Photographic data collection

Last modified by smsiltan@helsinki_fi on 2024/03/27 10:32

Data collection with a digital camera

A tailored test sheet was photographed with a digital SLR (single lens reflex) camera.
 Here is a downsampled version:


testsheet.png


The idea is to take pictures of exactly the same (above) view with
 (1) Correct focusing and low noise (low noise means small ISO sensitivity 100),
 (2) Incorrect focusing and low noise (ISO 100), and
 (3) Incorrect focusing and high noise (ISO 3200).

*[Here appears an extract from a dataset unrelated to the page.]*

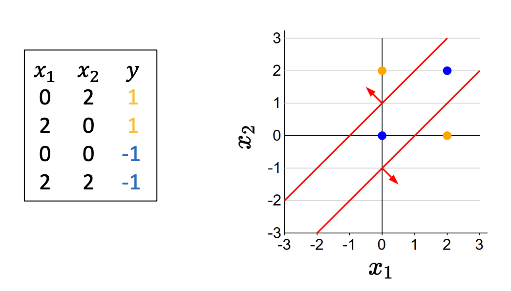 \[(x_1 - 1)^2 + (x_2 - 1)^2 = 2\]가 되어, 원래의 공간에서는 원의 형태가 결정 경계가 된다.
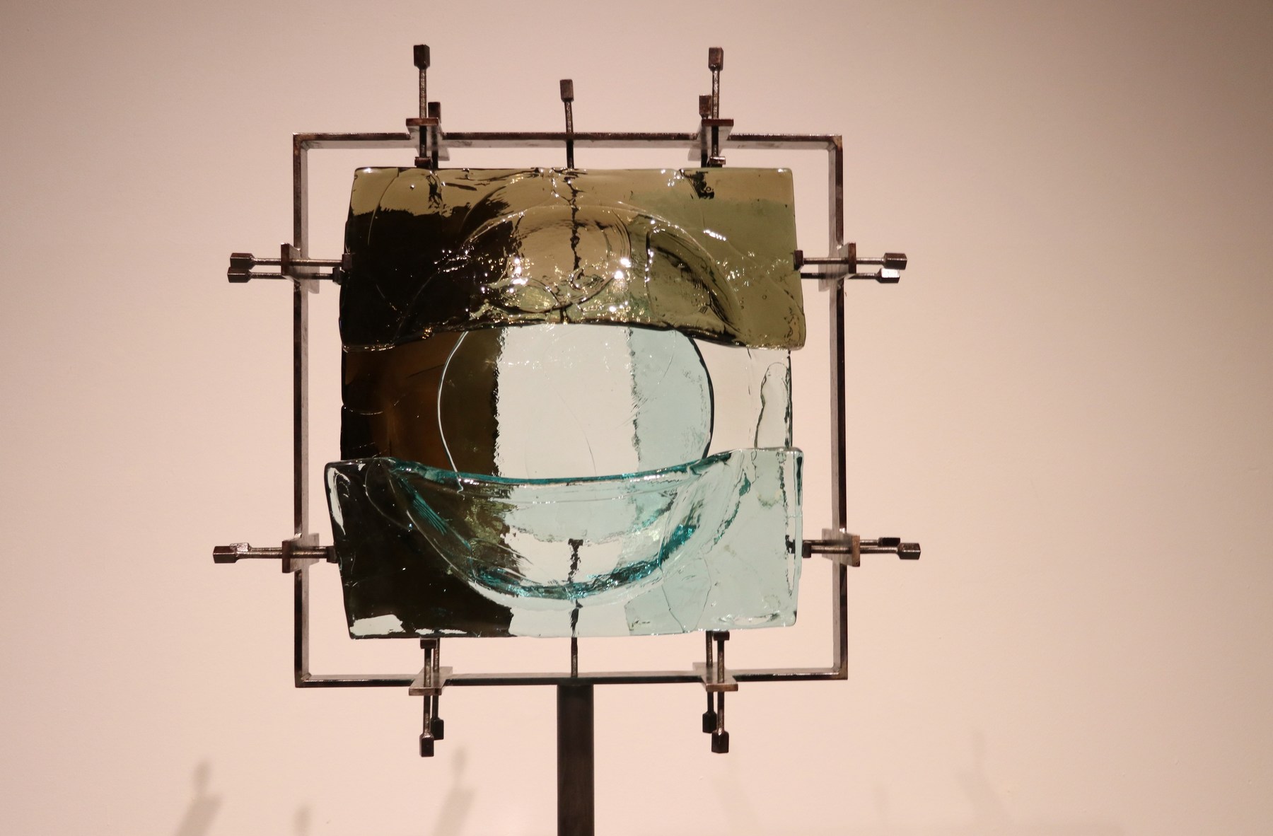 Posebnost ovog rada leži u činjenici da je jedna od pet staklenih ploča Goldonijeve skulpture Jezgra (Okovano staklo) bila teško oštećena i zagubljena. Novi život joj je, u ime dugog prijateljstva i umjetnosti, podario Livio Seguso, renomirani umjetnik u staklu i nekadašnji suradnik i prijatelj Raoula Goldonija. Na ovaj način je, tijekom istraživanja i restauracije Goldonijeve skulpture, potaknuta međumuzejska, interdisciplinarna i međunarodna suradnja. Naime, Livio Seguso je umjetnik koji izuzetno dobro poznaje Goldonijev rad s obzirom da je u Segusovoj muranskoj radionici izveden niz Goldonijevih djela, a u kratkom video intervjuu, realiziranom u suradnji  s Akademijom likovnih umjetnosti u Veneciji, koji se također može pogledati u MMSU-u, Seguso obnavlja sjećanja na Goldonija. Radi se o periodu ranih 60-ih i 70-ih godina, kad su započeli suradnju, o čemu Seguso izjavljuje: “Među nama se stvorilo veliko i recipročno poštivanje, iz kojeg je nastala želja za suradnjom, za koju vjerujem da nas je obostrano nadopunila i obogatila“.

We recorded one image of type (1), three images of type (2) and three images of type (3).
 It is important to take all these photos in camera RAW format instead of a format involving
 lossy compression, such as jpeg. In addition to not losing information in compression,
 the RAW files have the advantage that they are saved in 16 bit format instead of 8 bit.
 Namely, 8 bit images allow only 256 different levels in each pixel (and each RGB color component),
 whereas 16 bit files can store the full dynamic range of the analog-to-digital converter of
 the camera, typically 12 or 14 bit (4096 or 16384 levels in each pixel, respectively).

The original images were color photographs containing all RGB channels (red, green, blue).
 We picked out just the red channel and consider the result as a black-and-white, or grayscale, image.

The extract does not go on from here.